### EXERCISE DESCRIPTION
Beginning with the line that holds "Black Cat Decor" and ending with the last line below, repeat each line exactly, leaving any pictures out.

### RECORDED DATA
┌──

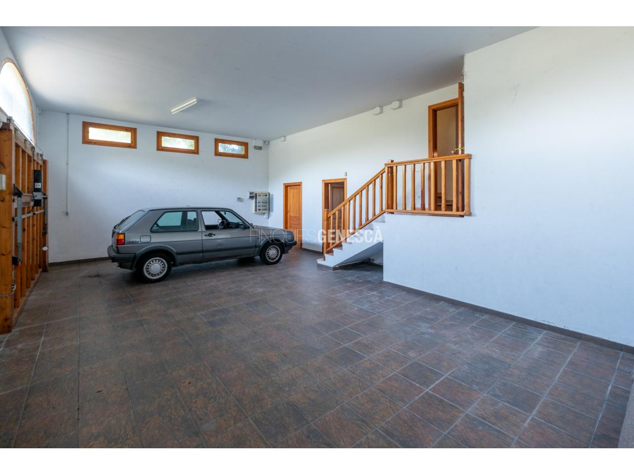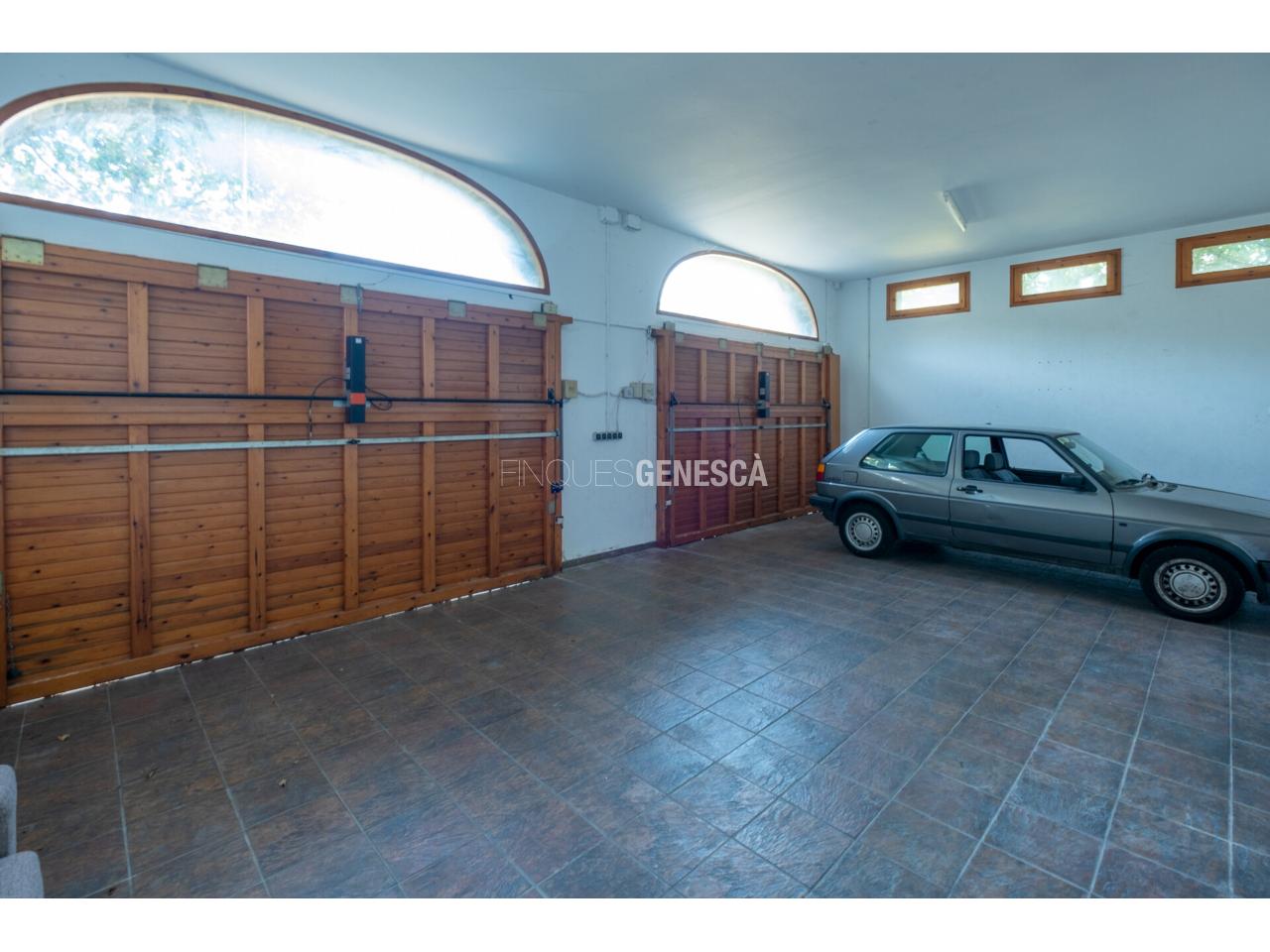A la planta semisoterrani hi trobem la bodega, el rebost, el safareig, una habitació de servei i un bany complet. També disposa d’un garatge de 50 m² amb dues portes automàtiques i capacitat per a diversos vehicles, amb accés directe a l’exterior.
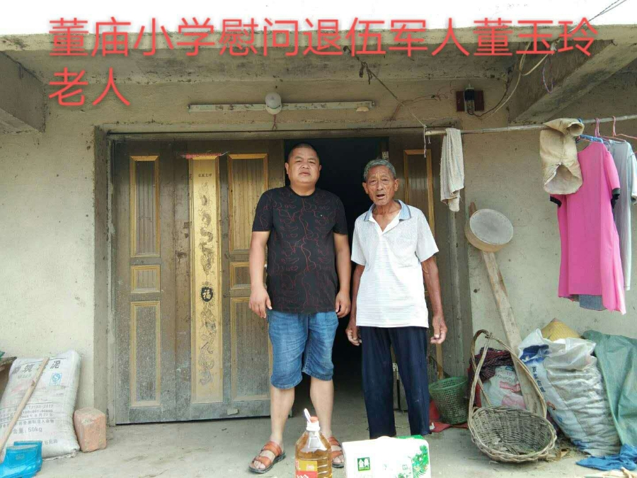 ? 7月24日上午,董庙小学冯校长、张主任带着油、面和奶等慰问品到服役军人蔡理想和董玉玲家中送去问候。冯校长表示:“拥军优属 拥政爱民”是我党、军队和全国人民的共识,是我们的优良传统,需要继续发扬光大,时值中国人民解放军建军93年之际,关爱军人是我们应尽的义务。
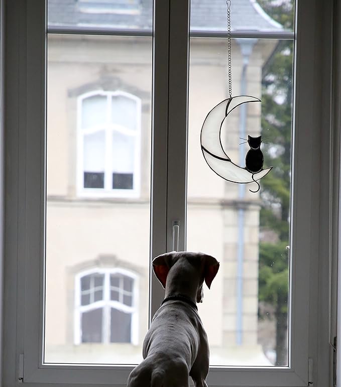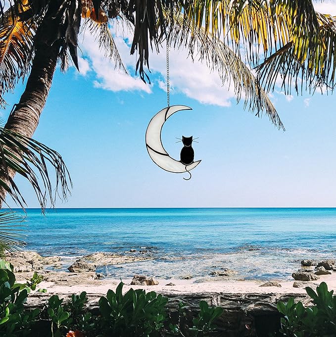 Black Cat Decor On White Moon Stained Glass Window Hanging Suncatcher for Windows Panels Sun Catcher Halloween Ornament Decoration Memorial Gift Cat for Lover Cat Loss
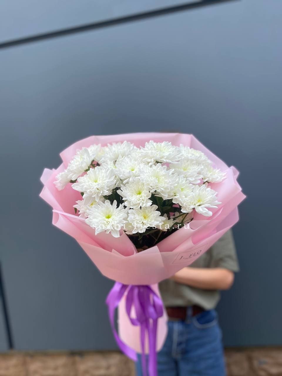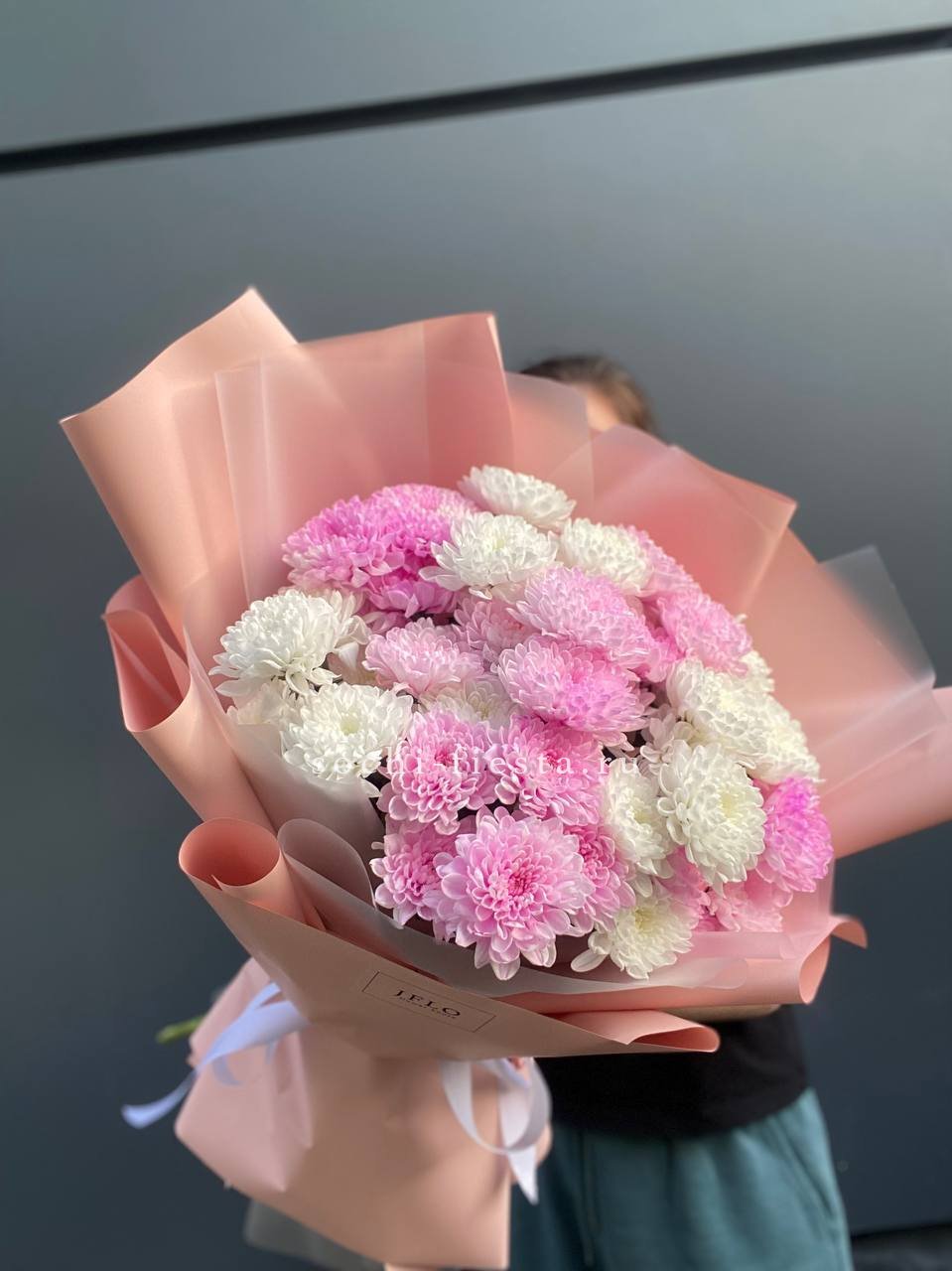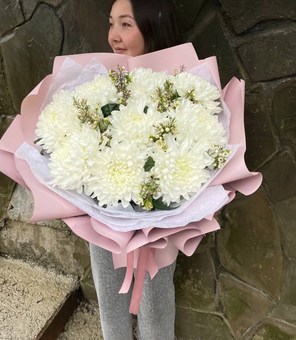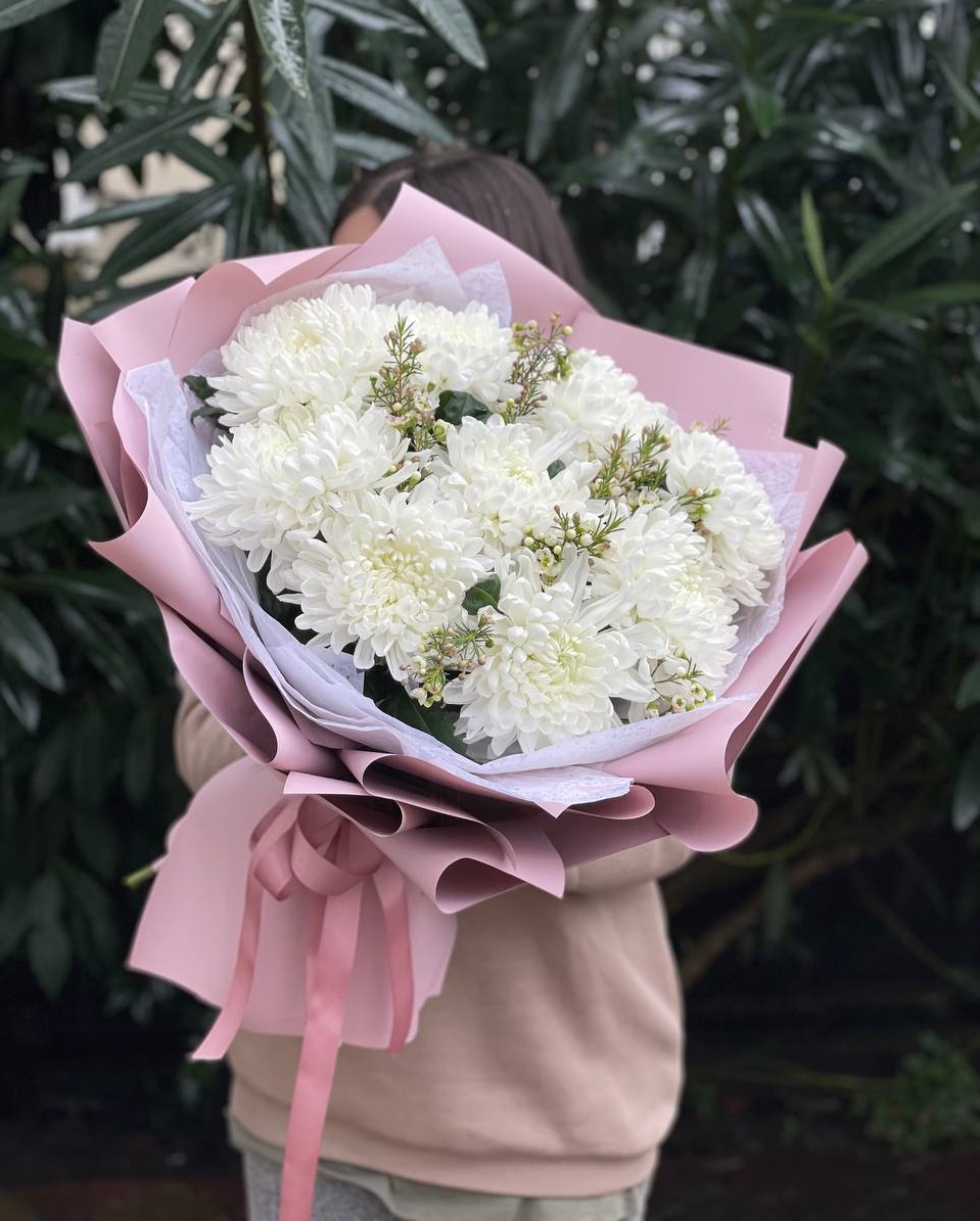 Букет бело-розовых хризантем

└──

### WORKED SOLUTION
 Black Cat Decor On White Moon Stained Glass Window Hanging Suncatcher for Windows Panels Sun Catcher Halloween Ornament Decoration Memorial Gift Cat for Lover Cat Loss
 Букет бело-розовых хризантем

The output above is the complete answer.